Allele number and allelic richness (Ar) (allele number corrected for sample size) were calculated for all loci within populations using FSTAT v.2.9.3 (Goudet, 1995). Deviations from Hardy–Weinberg expectations and the occurrence of linkage disequilibrium between loci was tested for using the default parameters in GENEPOP v.3.4 (Raymond and Rousset, 1995) with sequential Bonferroni corrections applied for multiple tests across populations (Rice, 1989). To identify null alleles and mis-scoring, all data were run through the program MICRO-CHECKER (Van Oosterhout et al., 2004).

FSTAT v.2.9.3 was used to calculate FST values between populations and their significance. Genetic distances between populations were estimated according to Nei’s (1987) DA distance, from which a phylogenetic tree was constructed using the neighbour-joining method as implemented in POWERMARKER v.3.25 (Liu and Muse, 2005). Strength of support for each node was assessed with 1000 bootstrap replicates and a consensus tree was obtained using the CONSENSE program in PHYLIP v.3.67 (Felsenstein, 1993).

The optimal number of regional groups was explored using STRUCTURE v.2.3.3 (Pritchard et al., 2000). A burn-in period of 30 000 steps was set, followed by 1 000 000 Markov chain Monte Carlo replicates; allele frequencies were set as ‘weakly correlated’ as recommended by Pritchard et al. (2000). The number of groups to be simulated (K) was set as 1 to 10, with 10 replicates for each group. The optimal number of groups was estimated using the method of Evanno et al. (2005).

An analysis of molecular variance, as implemented in ARLEQUIN v.3.5 (Excoffier and Lischer, 2010), was used to examine how genetic variation was partitioned among different hierarchical levels in Atlantic salmon in northwest Europe. Three hierarchical levels were defined: (i) between regional groups; (ii) between populations within regional groups; and (iii) between individuals within populations. Regional groups were defined based on the outcome of the STRUCTURE analysis and the phylogenetic tree (Figure 2), which resolved five broad regions (Spain, France, UKSouth, UKSouthwest, northwest of England (UKNorthwest)/Ireland; see Results). Differences in the average values of Ar, observed heterozygosity (Ho) and expected heterozygosity (He) among these regions were also assessed statistically using FSTAT v.2.9.3.

Figure 2
figure 2

Neighbour-joining phylogenetic tree generated from microsatellite data.
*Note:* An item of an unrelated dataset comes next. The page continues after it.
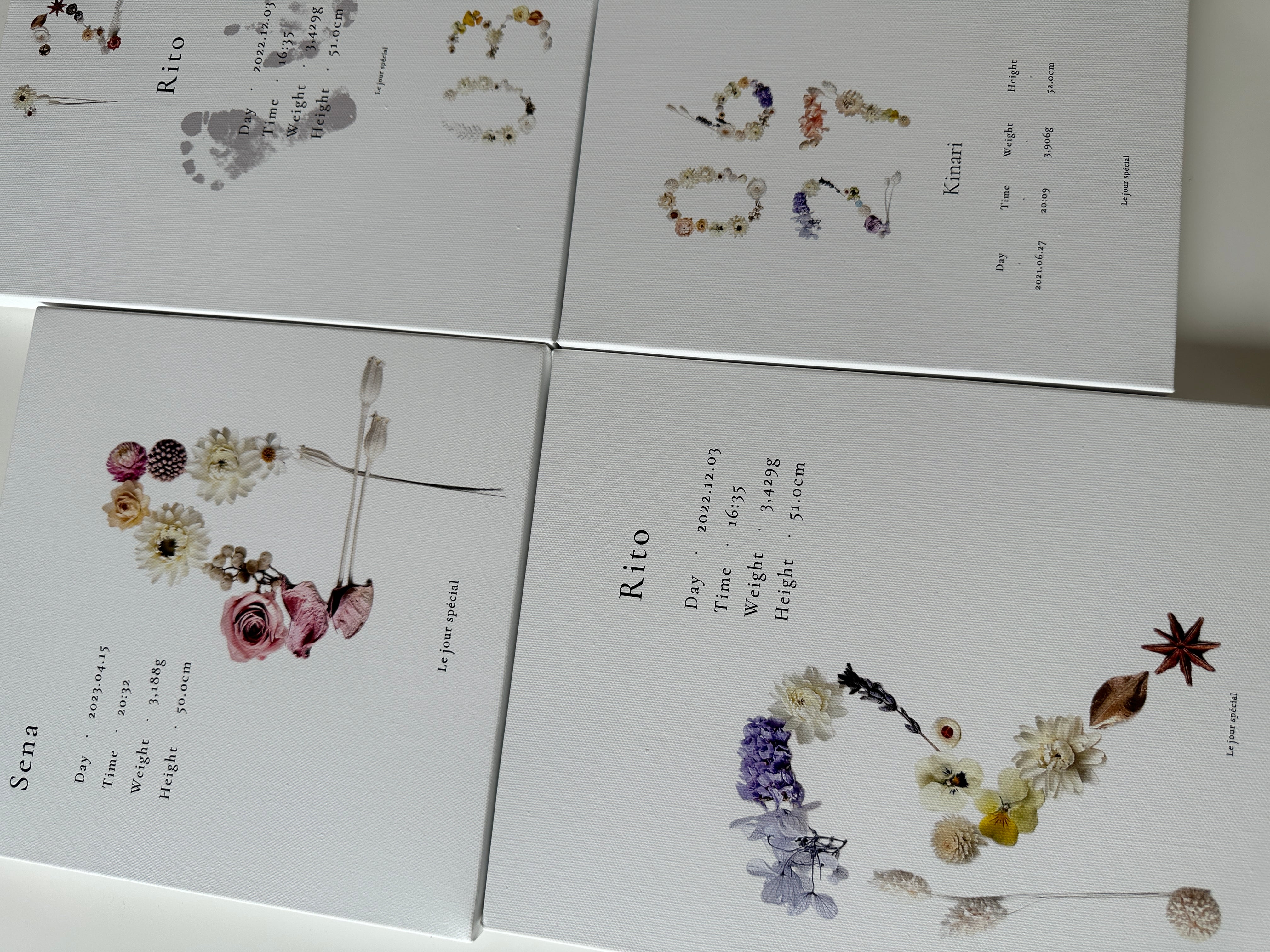 "ブリコラージュ" フランス語のブリコラージュ(Bricolage)は 「寄せ集める」「繕う」などの意味を持つ言葉です。 花を1つ1つ並べ、文字や数字を花で象ることを ljsでは「ブリコラージュ」と呼んでいます。 なぜ、わざわざ呼び名をつけたのか? 花咲く命名書は "単なる誕生日の贈りもの" でなく ちいさな命がある家庭にやってきたことを心から祝福するもの。 そのため、もっと「特別」で気分が華やぐ "記憶に残るプレゼント" にしたかったのです。 プリザーブドやドライの花をはじめ、葉、木の実など 様々なものを素材として構成し文字や数字を象ることを "作業" にするのではなく、何か呼び名をつけることで より愛情、愛着を持ってキャンバスボードの制作ができるのでは、と考えました。

Bootstrap values >50% are shown.

It has previously been suggested that, taking into account the mutation rate of microsatellite loci and the generation time of salmon, stepwise mutations will only have had a significant effect on differentiation between populations if they diverged before the last glacial maximum (for full details see Tonteri et al., 2005). Therefore, an allele size permutation test (Hardy et al., 2003) implemented in SPAGeDi v.2.1 (Hardy and Vekemans, 2002) was used to assess if RST>FST for populations within and between the five regions identified using STRUCTURE. A significant result (RST>FST) would be indicative of colonisation from multiple sources (Hardy et al., 2003), in this study the French and Spanish refugia. Confidence intervals were calculated with 10 000 permutations of allele sizes among alleles within each locus. The locus Ssa171 was excluded from this analysis as both di- and tetranucleotide repeats are observed at this locus; therefore, it could not have mutated through a stepwise process alone.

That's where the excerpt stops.